> DATA EXTRACT:
****************************************

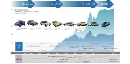 日常生活中,許多產品都出自百年企業。以豐田汽車為例,起源是豐田佐吉1890年發明了自動織布機,並取得專利;1894年成立豐田商店,銷售自己發明的商品,使用織布機的紡織業搭上一次世界大戰的景氣順風車,員工增加到1000人;1918年創設豐田紡織公司。
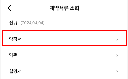 4. 계약서류 버튼을 클릭해주신 후에, 약정서로 들어가줍니다. 약정서 중에 본인이 다운로드 하고자 하는 건을 클릭해주시면 됩니다. 저같은 경우는 대출 거래 약정서를 다운로드 받아서 제출했습니다.
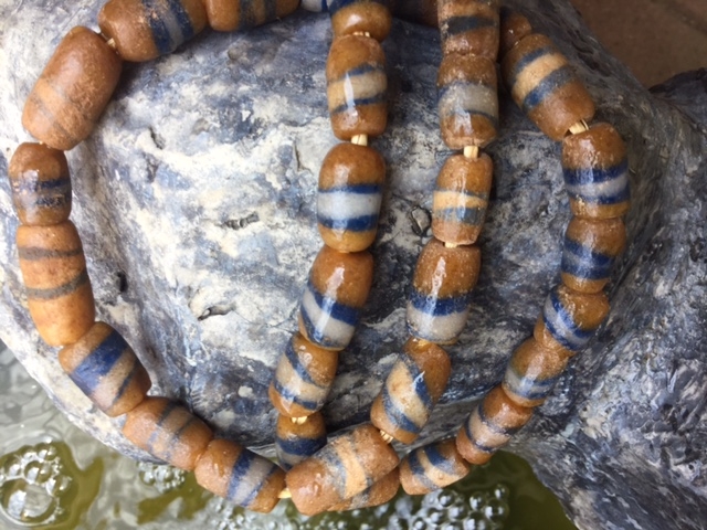 A 20" strand of blue, white, and brown, cylindrical, conjoined, trade beads. Magnification shows pitting, scratches and heavy use with nice patina. I have the shipping.
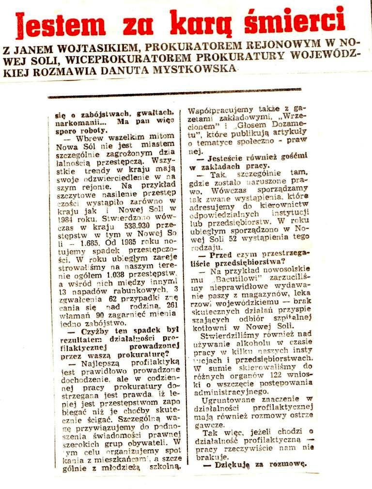 Wypowiedź jakiej udzieliłem Pani Redaktor Danucie Mystkowskiej z Gazety Lubuskiej w lutym 1988 r. dotyczyła wielu różnych problemów związanych z pracą prokuratora. Jednak redakcja kilkakrotnie i w tytule i podtytułach kilkakrotnie zaakcentowała wątek kary śmierci. W rezultacie takiego zabiegu zagadnienie „za” czy „przeciwko” karze śmierci uznano za najważniejsze przesłanie mojej wypowiedzi dla GL.
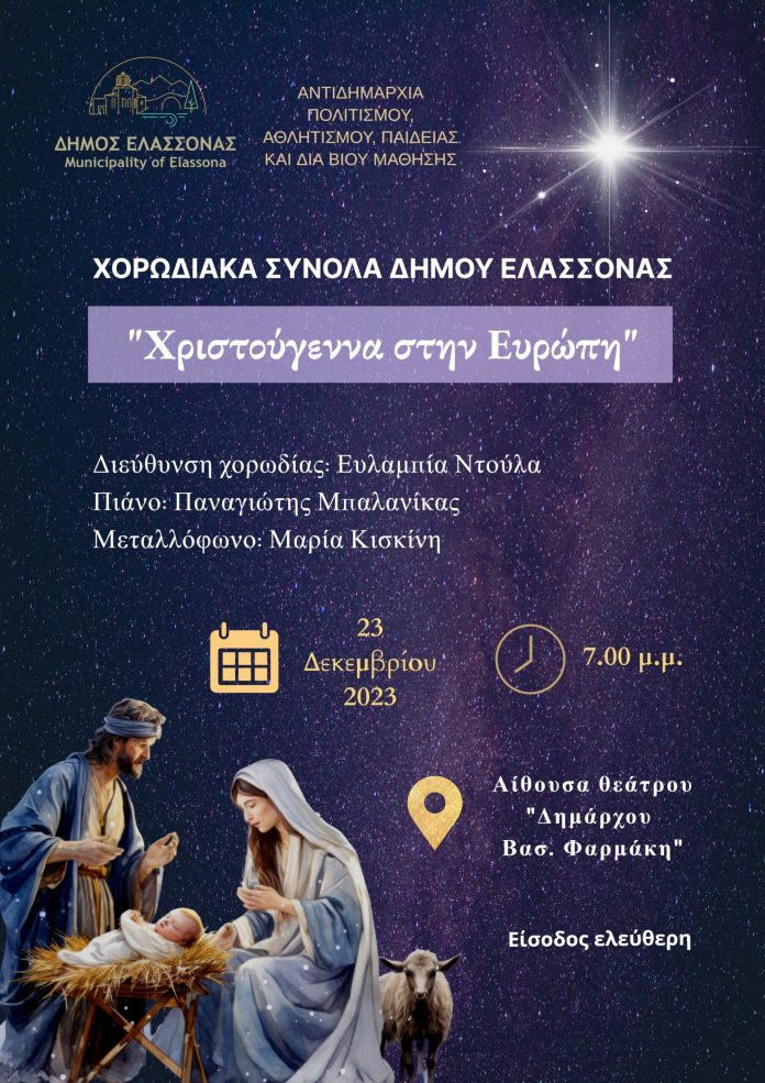 Η Αντιδημαρχία Πολιτισμού, Αθλητισμού, Παιδείας και Δια Βίου Μάθησης του Δήμου Ελασσόνας σας προσκαλεί στη χριστουγεννιάτικη συναυλία «Χριστούγεννα στην Ευρώπη» με τα Χορωδιακά Σύνολα του Δήμου Ελασσόνας, το Σάββατο 23 Δεκεμβρίου, ώρα 7:00 μ.μ., στην αίθουσα θεάτρου «Δημάρχου Βασ. Φαρμάκη», στην Ελασσόνα.
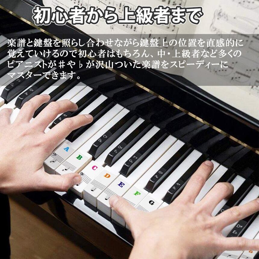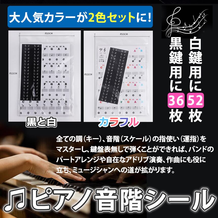 37 / 49 / 54 / 61 / 76 / 88 鍵盤 シール ピアノキーボード キー 2色組 音階 音符 初心者 練習 簡単 貼り付け 剥がせる ステッカー レッスン 教室 88PIASTE-SET
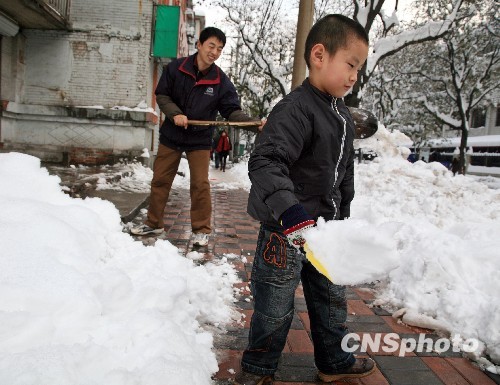 11月12日,河北省石家庄市连续几日的暴雪终结,民众走上街头铲雪除冰。据石家庄气象部门统计,截至当日8时,该市降水量已达92.1毫米,积雪深度约为55厘米,超过有气象记录以来极值。
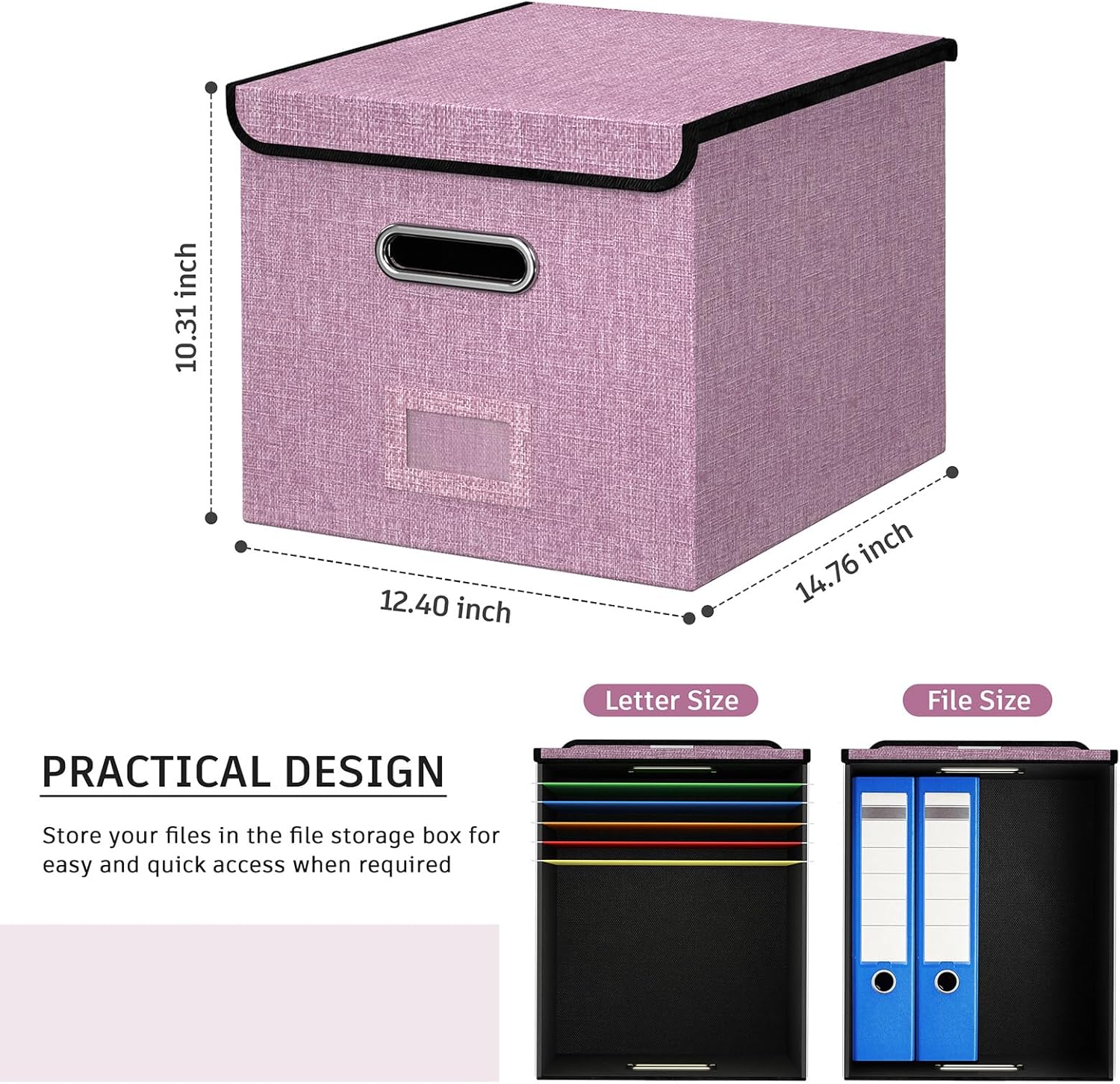 - Foldable Storage Box Design:File organizer has metal handles on both sides for easy movement and easy assembly. Clear label slots on the side for easy sorting and identification. Linen material is dustproof and provides durability for the file box, the bottom is reinforced to ensure the safety of the file storage, foldable design is more space-saving.
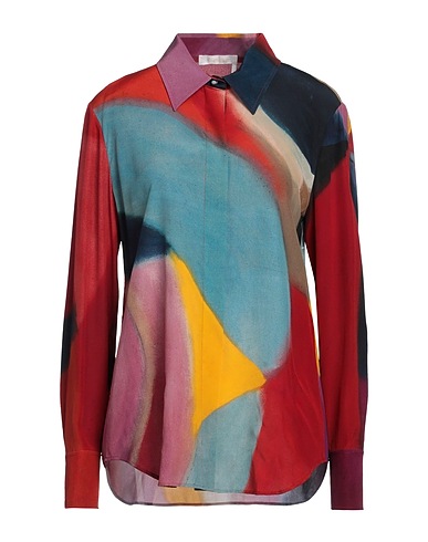 shirt, crepe, multicolour, no appliqués, classic collar, long sleeves, buttoned cuffs, button fastenings, contains non-textile parts of animal origin
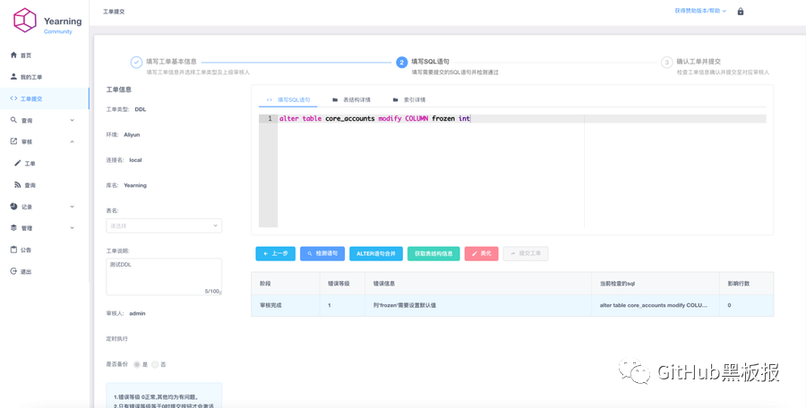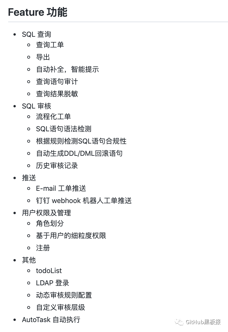 1、自动化SQL语句审核,可对SQL进行自动检测并执行
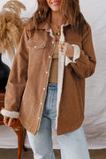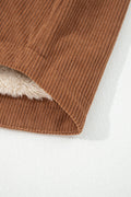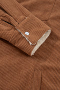 Cinnamon Fleece Lined Buttoned Flap Pockets Corduroy Jacket
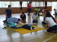 学校では毎年、万が一の事故にも対応できるよう、消防署の方にお越しいただいて救命救急講習を行っています。
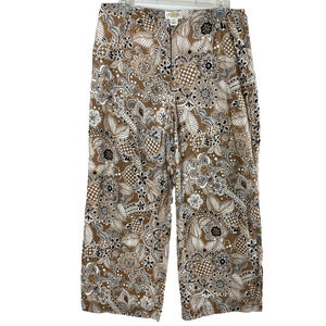 Talbots Pants Womens Size 12 Brown Black Floral Wide Leg Slacks Casual Cotton
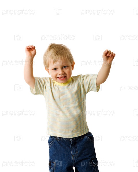 Радостный маленький мальчик на белом фоне
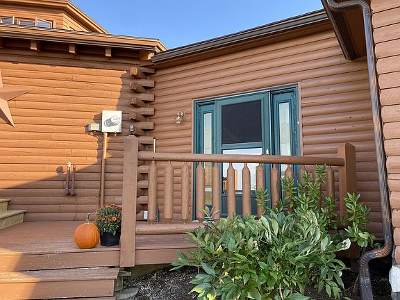WOW! The view from up here is amazing! This beautiful Katahdin log home is very unique with it's 6 sided construction. Built in 1996 with a fully insulated foundation it has seen many updates through the years. Come on in to the garage...the first thing you will notice is the 36X40 space complete with metal cabinets and post form countertop to organize all your tools next you'll enter the home into the mud/laundry room with a utility sink and enough closet space for all your winter gear and than some. Entrance and/or exits to the back yard and front deck and driveway here too. The next room could be used as a laundry room (2nd hooks up here) or use it as a pantry room here you will find access to the basement. You will then enter the main living space with a center kitchen so you will always feel part of the action when entertaining in a complete custom kitchen and Quartz countertops and sit down bar for an informal feel when eating meals or cuddle up to the coal stove on cold winter nights. The main living area is also where you first begin to see the wonderful view towards Fort Fairfield, Limestone, Mars Hill and beyond and watch the sunsets. Here is also where you can access the Primary bedroom w/ ensuite and access to the screened in porch, where morning coffee can be sipped while watching the sun rise and Don't forget daily trips up to the cupola complete with a telescope and wet bar. The cupola is a private space with the 360 degree view of countryside. The main floor also has 2 other bedrooms with closets and a full bathroom for guests and visitors. The basement has an office area and is half finished with a 1/2 bathroom for guests or an extra space for teens to hang out. Lots of storage here too with shelving galore for your seasonal decorations, plenty of space for a freezer or game area for family game night. This is a must see home in a highly sought after small farming community. Schedule your showing today! This will not last long.
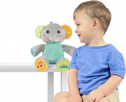 Ovaj interaktivni plišani slonić osmišljen je kako bi poticao osjetila vašeg djeteta. S šarenim i uzorkovanim ušima i nožicama idealan je za maženje i igru. Zahvaljujući raznolikim funkcijama, koje uključuju senzorne elemente i interaktivne zvukove, postaje sjajan pratitelj za svakodnevne avanture.

****************************************

> WHAT YOU SHOULD DO: The output should consist of the records above, reproduced exactly, without pictures.

> YOUR SOLUTION:
 日常生活中,許多產品都出自百年企業。以豐田汽車為例,起源是豐田佐吉1890年發明了自動織布機,並取得專利;1894年成立豐田商店,銷售自己發明的商品,使用織布機的紡織業搭上一次世界大戰的景氣順風車,員工增加到1000人;1918年創設豐田紡織公司。
 4. 계약서류 버튼을 클릭해주신 후에, 약정서로 들어가줍니다. 약정서 중에 본인이 다운로드 하고자 하는 건을 클릭해주시면 됩니다. 저같은 경우는 대출 거래 약정서를 다운로드 받아서 제출했습니다.
 A 20" strand of blue, white, and brown, cylindrical, conjoined, trade beads. Magnification shows pitting, scratches and heavy use with nice patina. I have the shipping.
 Wypowiedź jakiej udzieliłem Pani Redaktor Danucie Mystkowskiej z Gazety Lubuskiej w lutym 1988 r. dotyczyła wielu różnych problemów związanych z pracą prokuratora. Jednak redakcja kilkakrotnie i w tytule i podtytułach kilkakrotnie zaakcentowała wątek kary śmierci. W rezultacie takiego zabiegu zagadnienie „za” czy „przeciwko” karze śmierci uznano za najważniejsze przesłanie mojej wypowiedzi dla GL.
 Η Αντιδημαρχία Πολιτισμού, Αθλητισμού, Παιδείας και Δια Βίου Μάθησης του Δήμου Ελασσόνας σας προσκαλεί στη χριστουγεννιάτικη συναυλία «Χριστούγεννα στην Ευρώπη» με τα Χορωδιακά Σύνολα του Δήμου Ελασσόνας, το Σάββατο 23 Δεκεμβρίου, ώρα 7:00 μ.μ., στην αίθουσα θεάτρου «Δημάρχου Βασ. Φαρμάκη», στην Ελασσόνα.
 37 / 49 / 54 / 61 / 76 / 88 鍵盤 シール ピアノキーボード キー 2色組 音階 音符 初心者 練習 簡単 貼り付け 剥がせる ステッカー レッスン 教室 88PIASTE-SET
 11月12日,河北省石家庄市连续几日的暴雪终结,民众走上街头铲雪除冰。据石家庄气象部门统计,截至当日8时,该市降水量已达92.1毫米,积雪深度约为55厘米,超过有气象记录以来极值。
 - Foldable Storage Box Design:File organizer has metal handles on both sides for easy movement and easy assembly. Clear label slots on the side for easy sorting and identification. Linen material is dustproof and provides durability for the file box, the bottom is reinforced to ensure the safety of the file storage, foldable design is more space-saving.
 shirt, crepe, multicolour, no appliqués, classic collar, long sleeves, buttoned cuffs, button fastenings, contains non-textile parts of animal origin
 1、自动化SQL语句审核,可对SQL进行自动检测并执行
 Cinnamon Fleece Lined Buttoned Flap Pockets Corduroy Jacket
 学校では毎年、万が一の事故にも対応できるよう、消防署の方にお越しいただいて救命救急講習を行っています。
 Talbots Pants Womens Size 12 Brown Black Floral Wide Leg Slacks Casual Cotton
 Радостный маленький мальчик на белом фоне
WOW! The view from up here is amazing! This beautiful Katahdin log home is very unique with it's 6 sided construction. Built in 1996 with a fully insulated foundation it has seen many updates through the years. Come on in to the garage...the first thing you will notice is the 36X40 space complete with metal cabinets and post form countertop to organize all your tools next you'll enter the home into the mud/laundry room with a utility sink and enough closet space for all your winter gear and than some. Entrance and/or exits to the back yard and front deck and driveway here too. The next room could be used as a laundry room (2nd hooks up here) or use it as a pantry room here you will find access to the basement. You will then enter the main living space with a center kitchen so you will always feel part of the action when entertaining in a complete custom kitchen and Quartz countertops and sit down bar for an informal feel when eating meals or cuddle up to the coal stove on cold winter nights. The main living area is also where you first begin to see the wonderful view towards Fort Fairfield, Limestone, Mars Hill and beyond and watch the sunsets. Here is also where you can access the Primary bedroom w/ ensuite and access to the screened in porch, where morning coffee can be sipped while watching the sun rise and Don't forget daily trips up to the cupola complete with a telescope and wet bar. The cupola is a private space with the 360 degree view of countryside. The main floor also has 2 other bedrooms with closets and a full bathroom for guests and visitors. The basement has an office area and is half finished with a 1/2 bathroom for guests or an extra space for teens to hang out. Lots of storage here too with shelving galore for your seasonal decorations, plenty of space for a freezer or game area for family game night. This is a must see home in a highly sought after small farming community. Schedule your showing today! This will not last long.
 Ovaj interaktivni plišani slonić osmišljen je kako bi poticao osjetila vašeg djeteta. S šarenim i uzorkovanim ušima i nožicama idealan je za maženje i igru. Zahvaljujući raznolikim funkcijama, koje uključuju senzorne elemente i interaktivne zvukove, postaje sjajan pratitelj za svakodnevne avanture.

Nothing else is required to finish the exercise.